▶ [Your instructions]: Each line below from the one containing "- Over 250 questions" through the one containing "Crema catalana —" should be output exactly as it stands, and no other line should appear.

▶ [Study material]:
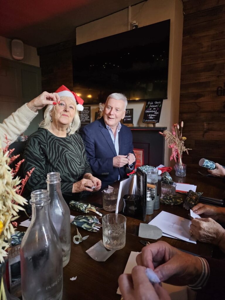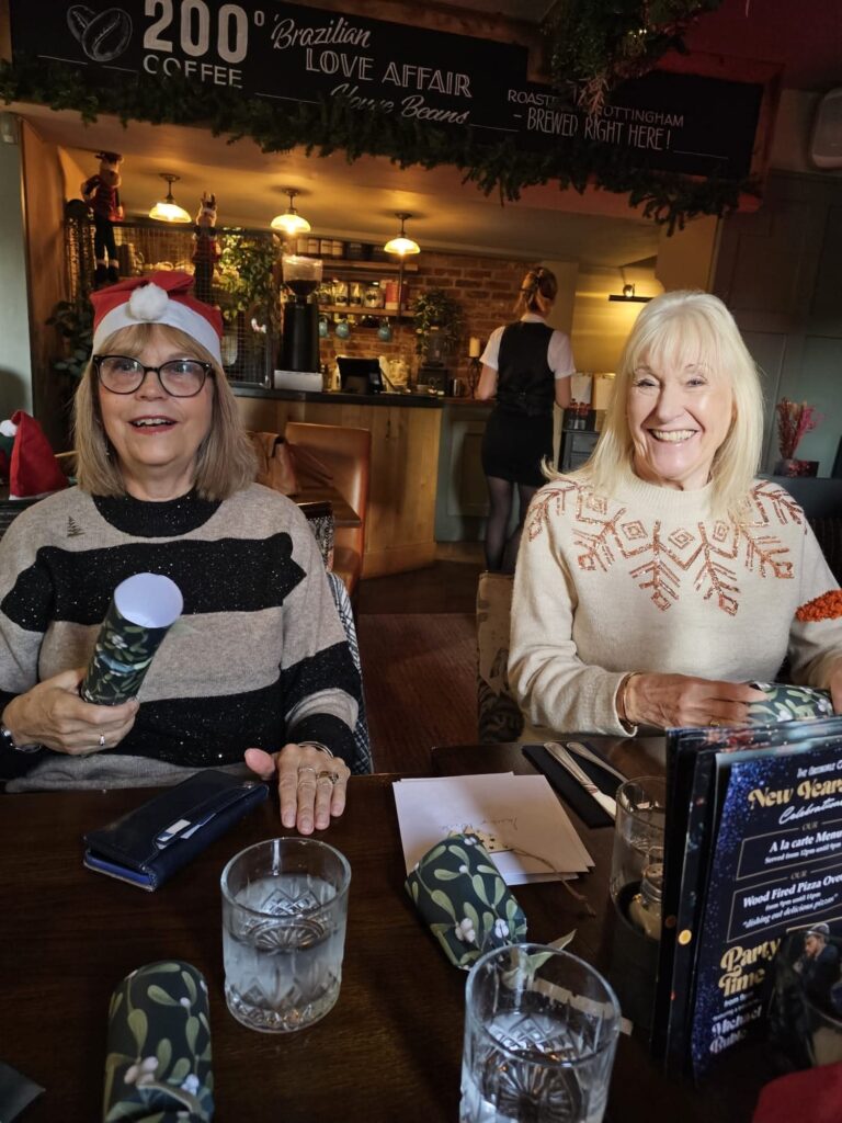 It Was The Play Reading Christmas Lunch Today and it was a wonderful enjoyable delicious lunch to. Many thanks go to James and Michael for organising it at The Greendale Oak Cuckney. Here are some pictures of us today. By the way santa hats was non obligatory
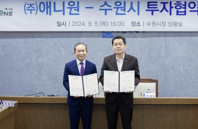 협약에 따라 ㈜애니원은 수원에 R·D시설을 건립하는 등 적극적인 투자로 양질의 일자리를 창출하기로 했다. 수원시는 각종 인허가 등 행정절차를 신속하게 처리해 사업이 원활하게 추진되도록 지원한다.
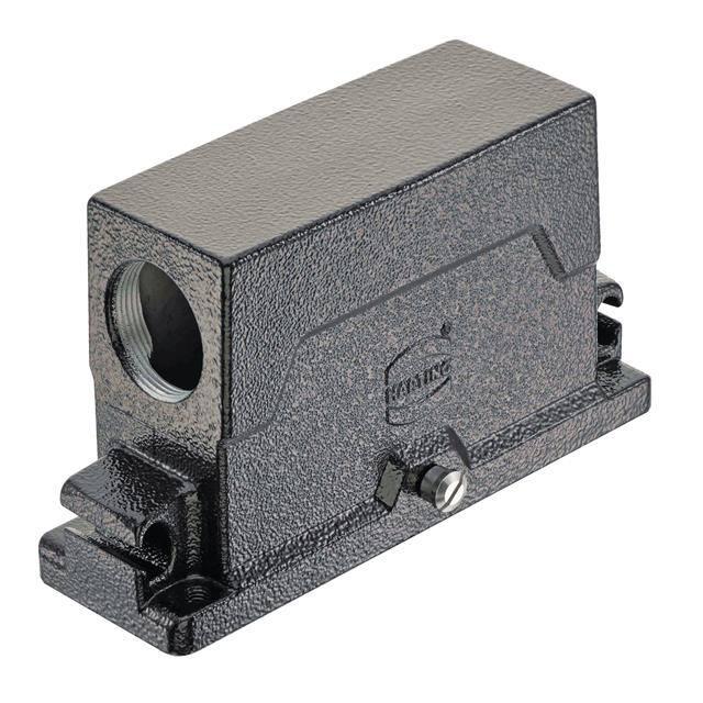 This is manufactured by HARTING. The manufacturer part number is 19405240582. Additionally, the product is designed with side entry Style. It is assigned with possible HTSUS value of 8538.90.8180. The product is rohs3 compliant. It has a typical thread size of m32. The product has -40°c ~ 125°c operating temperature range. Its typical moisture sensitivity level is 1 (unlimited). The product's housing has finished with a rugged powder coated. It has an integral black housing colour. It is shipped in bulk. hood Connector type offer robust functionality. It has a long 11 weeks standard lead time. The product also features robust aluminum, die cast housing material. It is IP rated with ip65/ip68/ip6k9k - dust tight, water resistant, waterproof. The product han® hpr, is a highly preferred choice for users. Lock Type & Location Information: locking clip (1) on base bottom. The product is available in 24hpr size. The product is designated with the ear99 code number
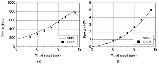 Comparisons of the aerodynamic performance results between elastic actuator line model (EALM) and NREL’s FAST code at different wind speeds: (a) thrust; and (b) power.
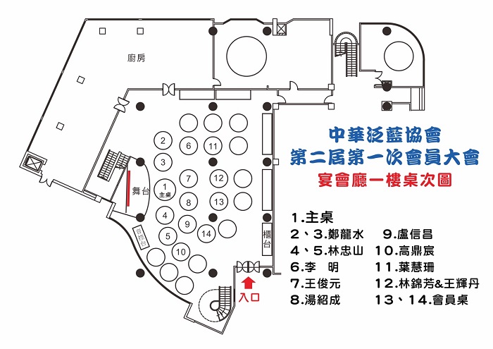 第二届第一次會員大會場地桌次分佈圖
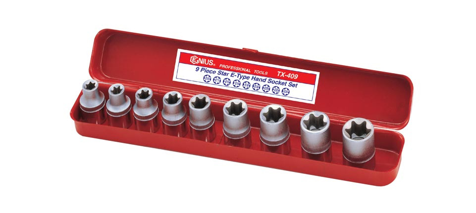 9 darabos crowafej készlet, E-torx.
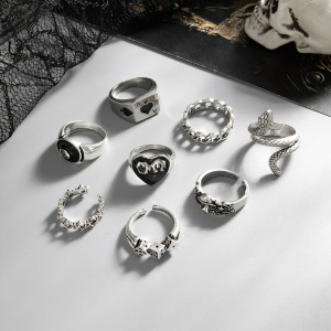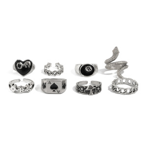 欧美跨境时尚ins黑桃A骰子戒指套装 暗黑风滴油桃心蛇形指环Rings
...
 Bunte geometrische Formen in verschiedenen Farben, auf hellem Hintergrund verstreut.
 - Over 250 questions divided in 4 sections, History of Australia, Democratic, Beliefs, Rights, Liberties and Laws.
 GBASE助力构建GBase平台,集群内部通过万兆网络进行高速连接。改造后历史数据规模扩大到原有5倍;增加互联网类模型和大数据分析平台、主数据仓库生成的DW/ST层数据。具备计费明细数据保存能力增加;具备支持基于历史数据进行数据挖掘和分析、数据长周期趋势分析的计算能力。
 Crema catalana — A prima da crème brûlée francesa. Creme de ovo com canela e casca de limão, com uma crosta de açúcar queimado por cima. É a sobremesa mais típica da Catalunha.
==
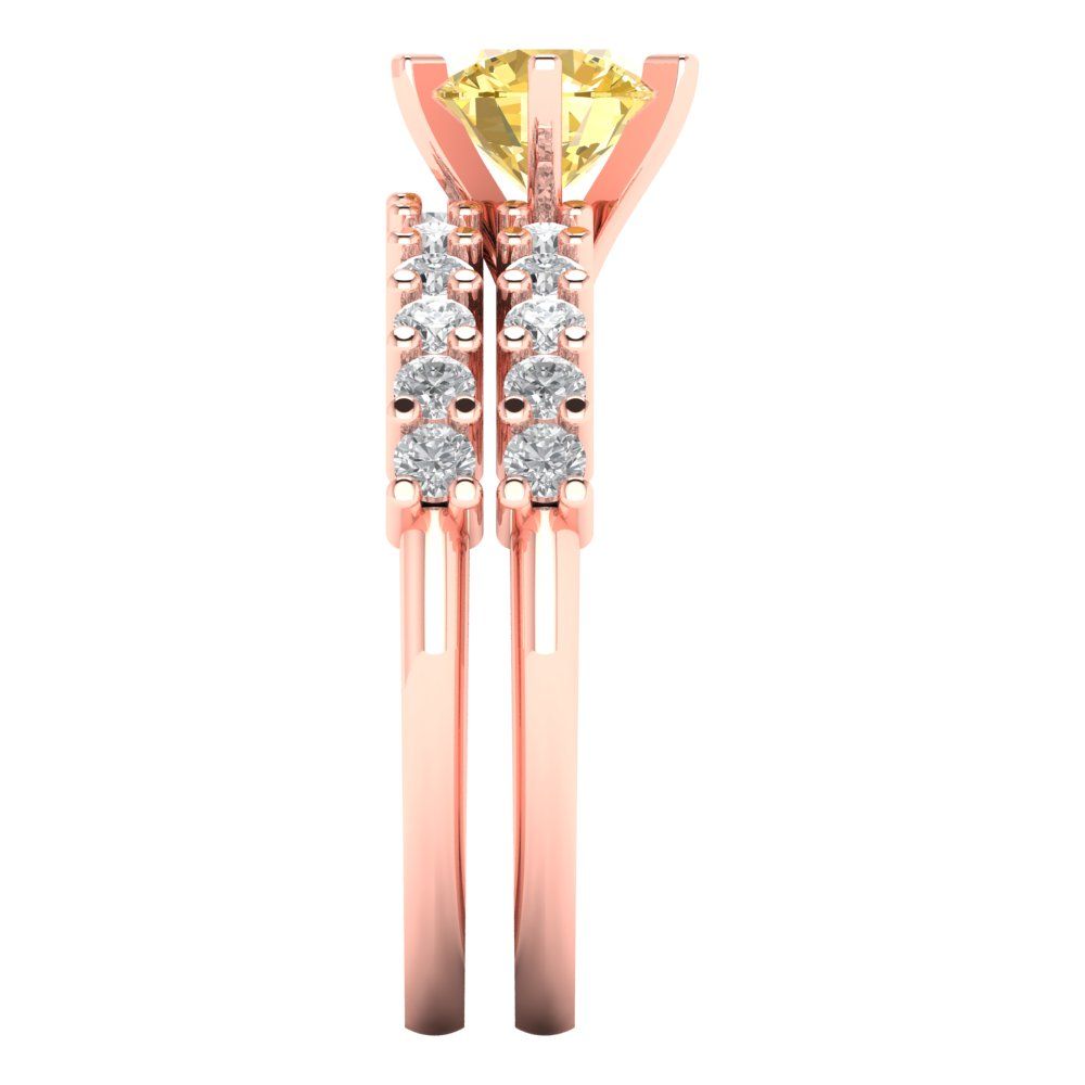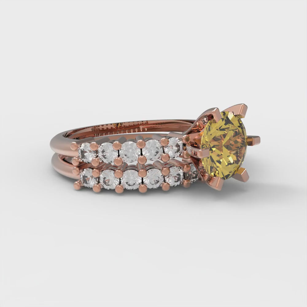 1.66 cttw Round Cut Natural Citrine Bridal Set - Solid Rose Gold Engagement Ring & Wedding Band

▶ [Response area]:
 - Over 250 questions divided in 4 sections, History of Australia, Democratic, Beliefs, Rights, Liberties and Laws.
 GBASE助力构建GBase平台,集群内部通过万兆网络进行高速连接。改造后历史数据规模扩大到原有5倍;增加互联网类模型和大数据分析平台、主数据仓库生成的DW/ST层数据。具备计费明细数据保存能力增加;具备支持基于历史数据进行数据挖掘和分析、数据长周期趋势分析的计算能力。
 Crema catalana — A prima da crème brûlée francesa. Creme de ovo com canela e casca de limão, com uma crosta de açúcar queimado por cima. É a sobremesa mais típica da Catalunha.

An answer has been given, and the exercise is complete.